Work required: Restate the listing that follows word for word, without its pictures.

Exercise material:
%%

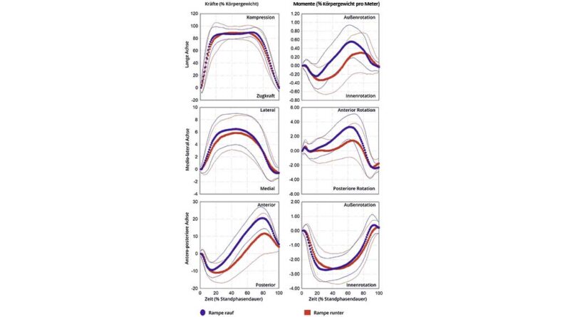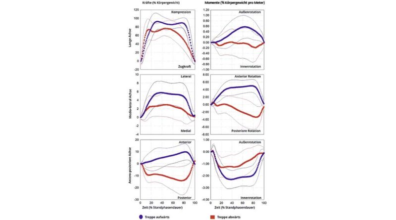 Einen Überblick über den Mittelwert und die Standardabweichung der auf das Implantat einwirkenden Belastung während der Stützphase beim Gehen bzw. beim Treppen-/Rampenauf- und ‑abstieg geben die Abbildungen 1–3.
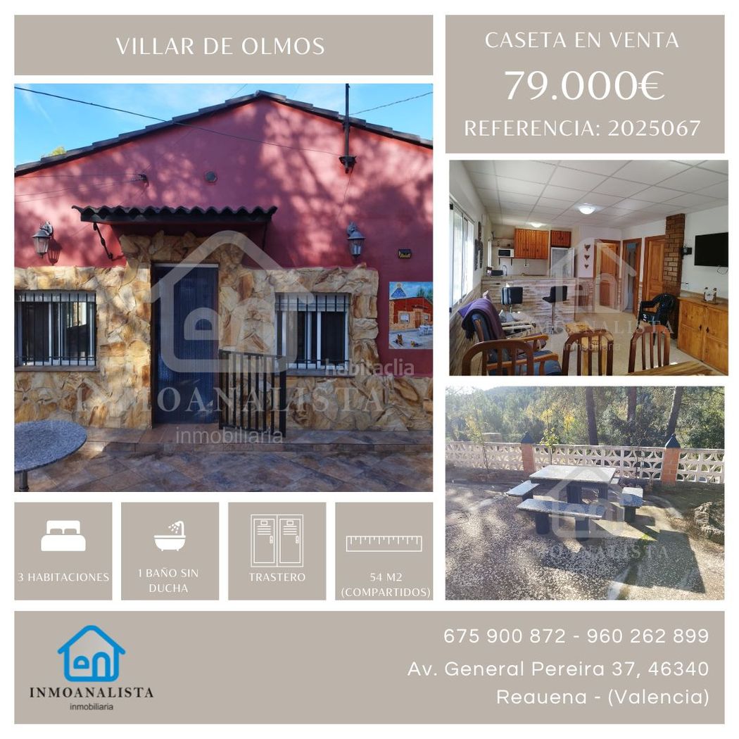 Se vende acogedora caseta de campo de 54 m², ubicada en una parcela compartida de 1.983 m² en un entorno tranquilo y natural de Villar de Olmos. Ideal para escapadas, desconexión o como segunda residencia.
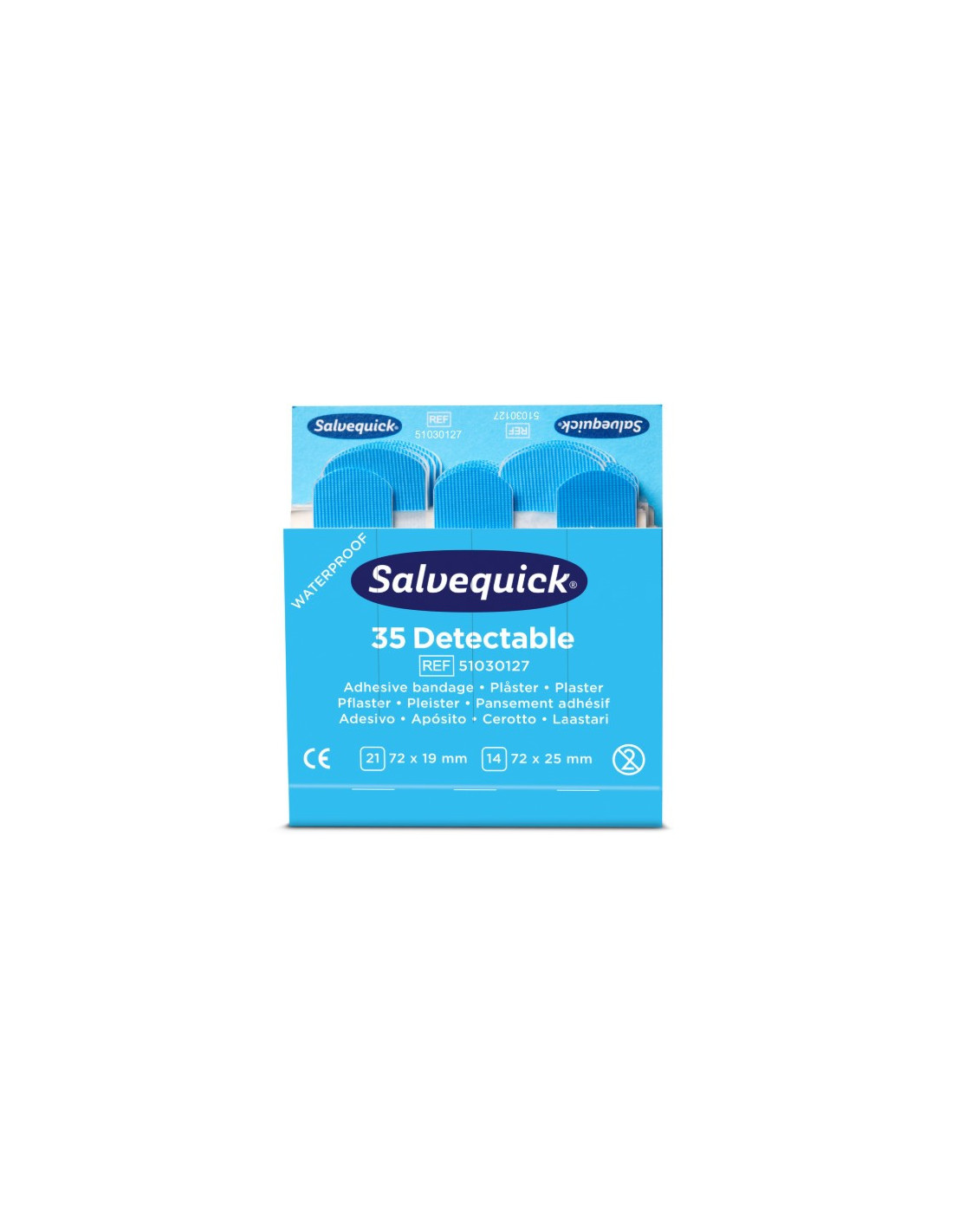 Plastrene kan spores af de fleste metaldetektorer, som normalt anvendes her og den blå farve gør dem lette at se, Plastrene er allergitestede, lette at anvende og praktiske at bruge. INDHOLD: Hver refill indeholder 35 plastre (21 stk, der måler 72 x 19 mm, og 14 stk, der måler 72 x 25 mm).
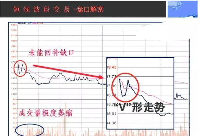 2.强行出货形态:  即低开后股价继续低走,或快速上冲到缺口附近再次回落,没能回补缺口,形成一个“V”形或倒“V”形走势,成交量呈现极度萎缩或极度放大之势,内盘是外盘的一倍以上,此种开盘全天看跌;
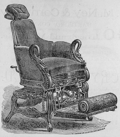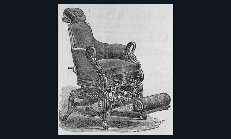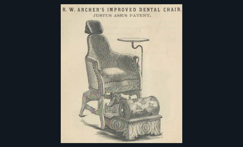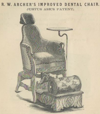 Une publicité de ce fauteuil dans le Dental Advertiser de 1874 souligne que quatre mille fauteuils de Justus Ask Archer ont déjà été vendus en une dizaine d’années !
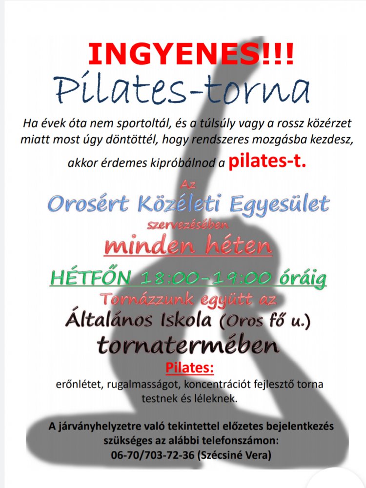 Az ingyenes pilates-tornákat minden hétfőn 18 órától tartják majd az orosi általános iskola tornatermében. A foglalkozások 60 percesek.
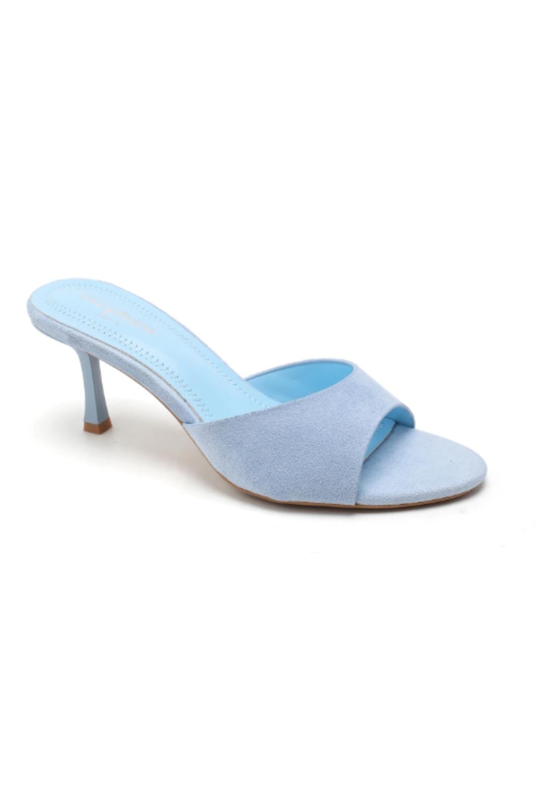 Stilettos von Bloom in einem hellen himmelblauen Farbton. Die Schuhe bestehen aus synthetischem Material und haben ein offenes Design.

%%

Task output:
 Einen Überblick über den Mittelwert und die Standardabweichung der auf das Implantat einwirkenden Belastung während der Stützphase beim Gehen bzw. beim Treppen-/Rampenauf- und ‑abstieg geben die Abbildungen 1–3.
 Se vende acogedora caseta de campo de 54 m², ubicada en una parcela compartida de 1.983 m² en un entorno tranquilo y natural de Villar de Olmos. Ideal para escapadas, desconexión o como segunda residencia.
 Plastrene kan spores af de fleste metaldetektorer, som normalt anvendes her og den blå farve gør dem lette at se, Plastrene er allergitestede, lette at anvende og praktiske at bruge. INDHOLD: Hver refill indeholder 35 plastre (21 stk, der måler 72 x 19 mm, og 14 stk, der måler 72 x 25 mm).
 2.强行出货形态:  即低开后股价继续低走,或快速上冲到缺口附近再次回落,没能回补缺口,形成一个“V”形或倒“V”形走势,成交量呈现极度萎缩或极度放大之势,内盘是外盘的一倍以上,此种开盘全天看跌;
 Une publicité de ce fauteuil dans le Dental Advertiser de 1874 souligne que quatre mille fauteuils de Justus Ask Archer ont déjà été vendus en une dizaine d’années !
 Az ingyenes pilates-tornákat minden hétfőn 18 órától tartják majd az orosi általános iskola tornatermében. A foglalkozások 60 percesek.
 Stilettos von Bloom in einem hellen himmelblauen Farbton. Die Schuhe bestehen aus synthetischem Material und haben ein offenes Design.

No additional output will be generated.